--- START ---

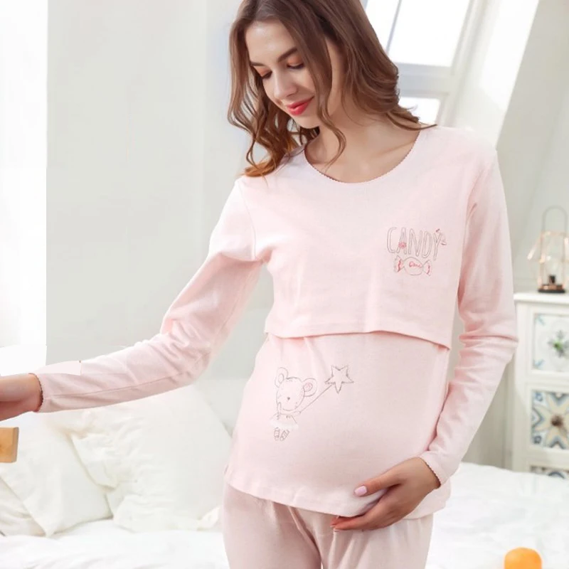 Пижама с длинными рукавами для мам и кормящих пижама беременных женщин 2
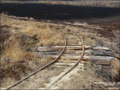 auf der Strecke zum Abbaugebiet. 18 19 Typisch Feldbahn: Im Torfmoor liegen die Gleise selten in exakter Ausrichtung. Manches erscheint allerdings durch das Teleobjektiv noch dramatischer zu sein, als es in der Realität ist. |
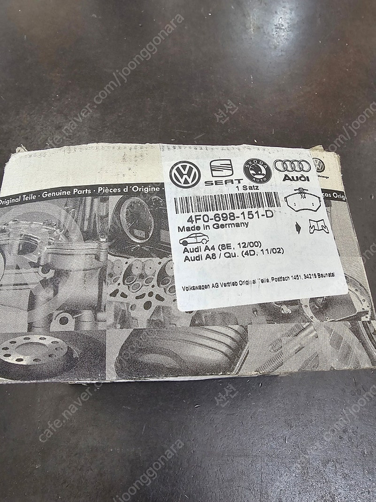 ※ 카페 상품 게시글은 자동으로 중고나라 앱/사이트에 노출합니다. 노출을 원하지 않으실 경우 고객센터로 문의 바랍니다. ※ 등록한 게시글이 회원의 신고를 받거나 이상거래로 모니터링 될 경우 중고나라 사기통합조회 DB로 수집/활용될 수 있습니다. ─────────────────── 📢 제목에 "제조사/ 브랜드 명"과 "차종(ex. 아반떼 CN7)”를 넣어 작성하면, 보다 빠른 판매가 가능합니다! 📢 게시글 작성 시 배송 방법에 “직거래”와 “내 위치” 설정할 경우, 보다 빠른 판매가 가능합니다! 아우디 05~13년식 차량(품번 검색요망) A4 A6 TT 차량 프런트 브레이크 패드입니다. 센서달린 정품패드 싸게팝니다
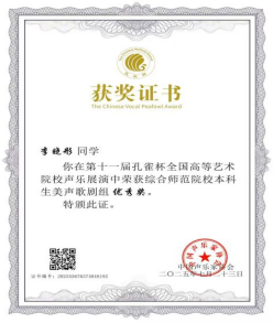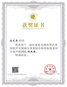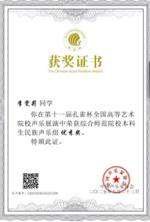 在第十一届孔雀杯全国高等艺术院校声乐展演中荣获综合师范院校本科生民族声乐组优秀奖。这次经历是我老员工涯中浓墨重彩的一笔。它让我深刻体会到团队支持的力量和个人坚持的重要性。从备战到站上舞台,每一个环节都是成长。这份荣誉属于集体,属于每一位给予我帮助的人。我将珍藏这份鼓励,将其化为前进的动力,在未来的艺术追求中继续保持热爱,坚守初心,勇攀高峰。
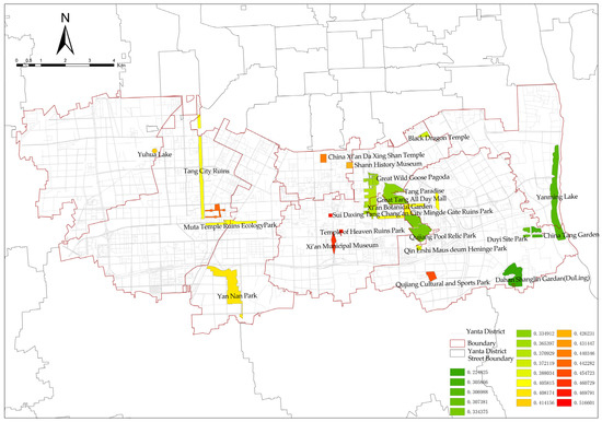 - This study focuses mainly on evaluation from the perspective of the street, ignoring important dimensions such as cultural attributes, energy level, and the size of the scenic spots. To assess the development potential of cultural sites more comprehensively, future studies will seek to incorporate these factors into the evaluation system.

--- END ---

Problem description — The lines from the one containing "센서달린 정품패드 싸게팝니다" through the last line of the data above are to be transcribed exactly, both included, with all pictures left out.

Exercise solution —
 ※ 카페 상품 게시글은 자동으로 중고나라 앱/사이트에 노출합니다. 노출을 원하지 않으실 경우 고객센터로 문의 바랍니다. ※ 등록한 게시글이 회원의 신고를 받거나 이상거래로 모니터링 될 경우 중고나라 사기통합조회 DB로 수집/활용될 수 있습니다. ─────────────────── 📢 제목에 "제조사/ 브랜드 명"과 "차종(ex. 아반떼 CN7)”를 넣어 작성하면, 보다 빠른 판매가 가능합니다! 📢 게시글 작성 시 배송 방법에 “직거래”와 “내 위치” 설정할 경우, 보다 빠른 판매가 가능합니다! 아우디 05~13년식 차량(품번 검색요망) A4 A6 TT 차량 프런트 브레이크 패드입니다. 센서달린 정품패드 싸게팝니다
 在第十一届孔雀杯全国高等艺术院校声乐展演中荣获综合师范院校本科生民族声乐组优秀奖。这次经历是我老员工涯中浓墨重彩的一笔。它让我深刻体会到团队支持的力量和个人坚持的重要性。从备战到站上舞台,每一个环节都是成长。这份荣誉属于集体,属于每一位给予我帮助的人。我将珍藏这份鼓励,将其化为前进的动力,在未来的艺术追求中继续保持热爱,坚守初心,勇攀高峰。
 - This study focuses mainly on evaluation from the perspective of the street, ignoring important dimensions such as cultural attributes, energy level, and the size of the scenic spots. To assess the development potential of cultural sites more comprehensively, future studies will seek to incorporate these factors into the evaluation system.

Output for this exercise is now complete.